§ What the task requires
Give the data again exactly as it appears, excluding any pictures.
Data extract START
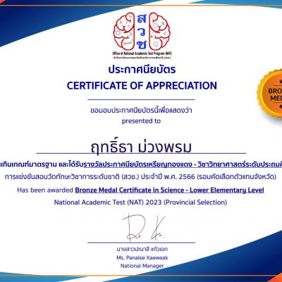ขอชื่นชมและร่วมแสดงความยินดีกับเด็กชายฤทธิ์ธา ม่วงพรม ชั้นประถมศึกษาปีที่ 3 ที่ได้รับรางวัลประกาศนียบัตรเหรียญทองแดง วิชาวิทยาศาสตร์ระดับประถมศึกษาตอนต้น ประกาศนียบัตรชมเชย วิชาภาษาอังกฤษระดับประถมศึกษาตอนต้น และประกาศนียบัตรชมเชย วิชาคณิตศาสตร์ระดับประถมศึกษาตอนต้น ในการแข่งขันสอบวัดทักษะวิชาการระดับชาติ (สวช.) ประจำปี 2566 (รอบคัดเลือกตัวเเทนจังหวัด) เมื่อวันที่ 11 พฤศจิกายน 2566
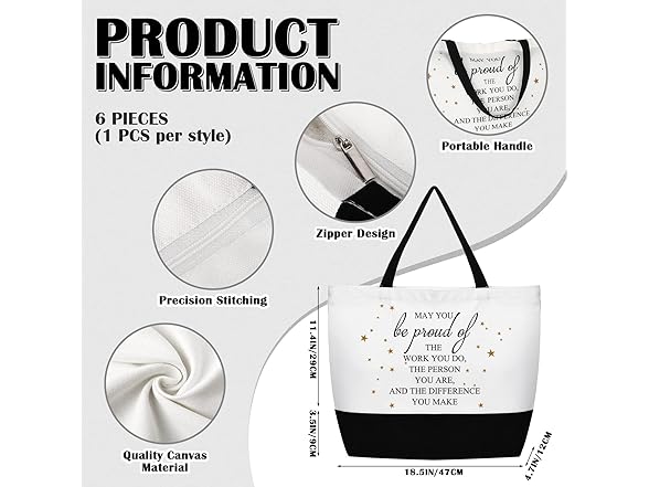 - Shareable Package: the package that you will receive includes 6 pieces of coworker inspirational tote bags in 6 styles, each style has 1 piece, each piece is designed with a zipper, diverse styles and sufficient quantities that can meet gifting needs easily
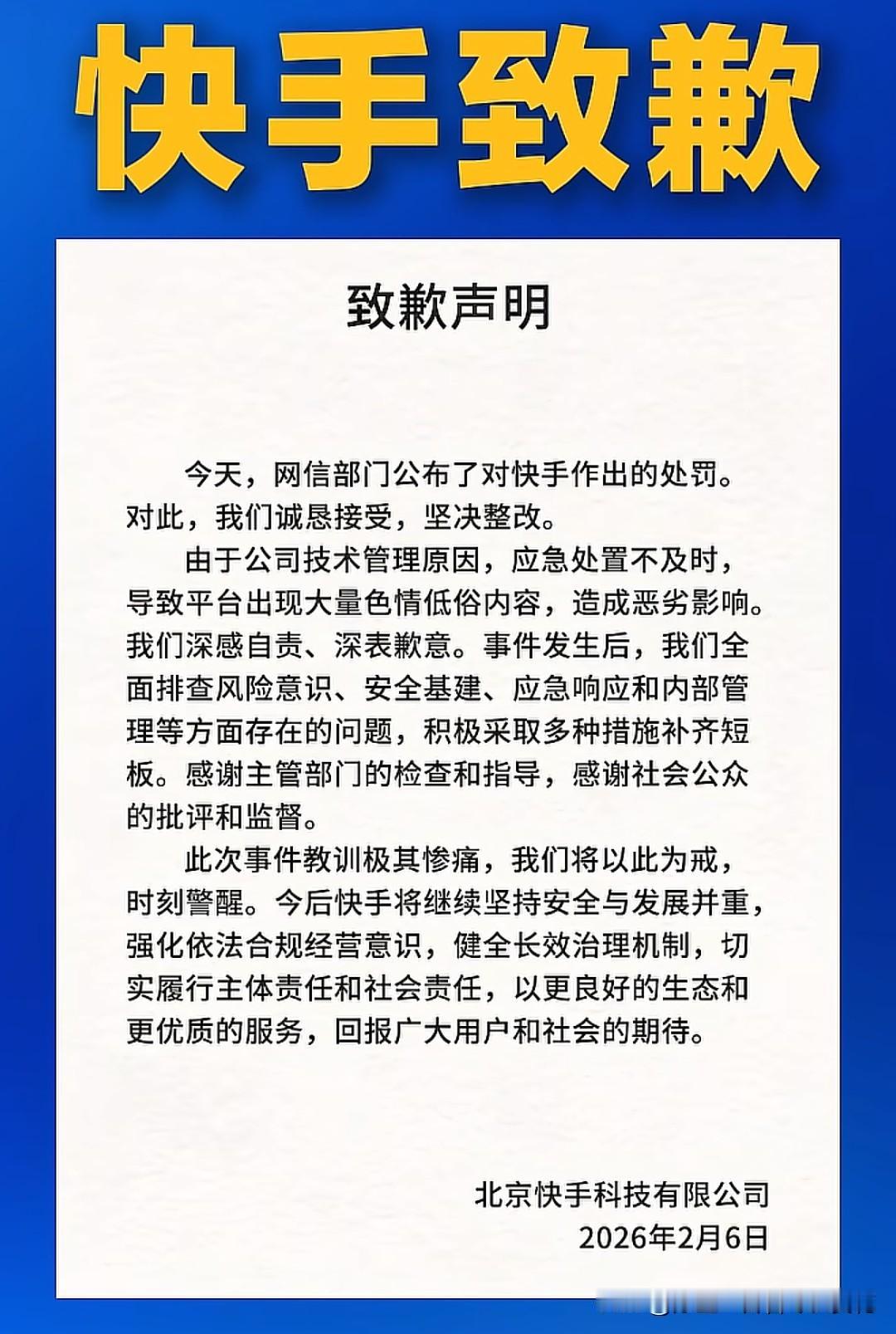 快手这波被罚1.191亿元,真是把“顶风作案”演绎得明明白白,全网看了都直呼“罚得解气”!网信部门一纸罚单砸下来,可不是凭空找茬,而是实打实地戳中了平台的“三宗罪”:安全保护义务形同虚设、系统漏洞长期不补、色情低俗直播泛滥成灾,任由违法信息扩散,影响恶劣到让人无法容忍。 最让人震惊的是去年12月那场“至暗之夜”,上万僵尸账号批量涌入快手直播间,满屏都是露骨表演、血腥内容,甚至有未成年人不慎刷到,家长们投诉无门。可平台当时甩锅“遭黑灰产攻击”,直到监管部门调查才真相大白——哪是什么外部攻击,分明是自己的审核机制形同虚设,应急响应慢得离谱,违规内容扩散十分钟后才迟迟处置,这根本就是“摆烂式运营”。 更讽刺的是,快手并非初犯。早年间就因低俗内容被约谈整改,45天前刚领过市场监管总局的2600多万罚单,转头就又在内容安全上掉了链子。作为日活超4亿的头部平台,季度营收几百亿,难道差那点升级安全系统、扩充审核团队的钱?说白了,还是把流量看得比底线重,算法一个劲往“刺激性内容”倾斜,把“老铁”的信任当成收割流量的工具。 面对1.191亿罚款,快手倒是秒发声明“诚恳接受、坚决整改”,可网友们根本不买账。大家翻出旧账质疑:“之前的整改报告怕不是用隐形墨水写的?”还有人算过账,这笔罚款仅占平台预估年营收的0.92%,要是不真刀真枪补漏洞、严审核,下次可能就不是“教训费”这么简单了。 说到底,网络空间从来不是法外之地,流量也不是免死金牌。监管部门这记重拳,既是给快手敲警钟,也是给所有平台立规矩:别再想着靠低俗博眼球、靠漏洞钻空子,履行主体责任、守住法律底线才是长久之道。要是连用户的安全和体验都不顾,再大的流量盘子也迟早塌掉,大家觉得快手这次能真的整改到位吗?
Data extract END
§ Output for this exercise
ขอชื่นชมและร่วมแสดงความยินดีกับเด็กชายฤทธิ์ธา ม่วงพรม ชั้นประถมศึกษาปีที่ 3 ที่ได้รับรางวัลประกาศนียบัตรเหรียญทองแดง วิชาวิทยาศาสตร์ระดับประถมศึกษาตอนต้น ประกาศนียบัตรชมเชย วิชาภาษาอังกฤษระดับประถมศึกษาตอนต้น และประกาศนียบัตรชมเชย วิชาคณิตศาสตร์ระดับประถมศึกษาตอนต้น ในการแข่งขันสอบวัดทักษะวิชาการระดับชาติ (สวช.) ประจำปี 2566 (รอบคัดเลือกตัวเเทนจังหวัด) เมื่อวันที่ 11 พฤศจิกายน 2566
 - Shareable Package: the package that you will receive includes 6 pieces of coworker inspirational tote bags in 6 styles, each style has 1 piece, each piece is designed with a zipper, diverse styles and sufficient quantities that can meet gifting needs easily
 快手这波被罚1.191亿元,真是把“顶风作案”演绎得明明白白,全网看了都直呼“罚得解气”!网信部门一纸罚单砸下来,可不是凭空找茬,而是实打实地戳中了平台的“三宗罪”:安全保护义务形同虚设、系统漏洞长期不补、色情低俗直播泛滥成灾,任由违法信息扩散,影响恶劣到让人无法容忍。 最让人震惊的是去年12月那场“至暗之夜”,上万僵尸账号批量涌入快手直播间,满屏都是露骨表演、血腥内容,甚至有未成年人不慎刷到,家长们投诉无门。可平台当时甩锅“遭黑灰产攻击”,直到监管部门调查才真相大白——哪是什么外部攻击,分明是自己的审核机制形同虚设,应急响应慢得离谱,违规内容扩散十分钟后才迟迟处置,这根本就是“摆烂式运营”。 更讽刺的是,快手并非初犯。早年间就因低俗内容被约谈整改,45天前刚领过市场监管总局的2600多万罚单,转头就又在内容安全上掉了链子。作为日活超4亿的头部平台,季度营收几百亿,难道差那点升级安全系统、扩充审核团队的钱?说白了,还是把流量看得比底线重,算法一个劲往“刺激性内容”倾斜,把“老铁”的信任当成收割流量的工具。 面对1.191亿罚款,快手倒是秒发声明“诚恳接受、坚决整改”,可网友们根本不买账。大家翻出旧账质疑:“之前的整改报告怕不是用隐形墨水写的?”还有人算过账,这笔罚款仅占平台预估年营收的0.92%,要是不真刀真枪补漏洞、严审核,下次可能就不是“教训费”这么简单了。 说到底,网络空间从来不是法外之地,流量也不是免死金牌。监管部门这记重拳,既是给快手敲警钟,也是给所有平台立规矩:别再想着靠低俗博眼球、靠漏洞钻空子,履行主体责任、守住法律底线才是长久之道。要是连用户的安全和体验都不顾,再大的流量盘子也迟早塌掉,大家觉得快手这次能真的整改到位吗?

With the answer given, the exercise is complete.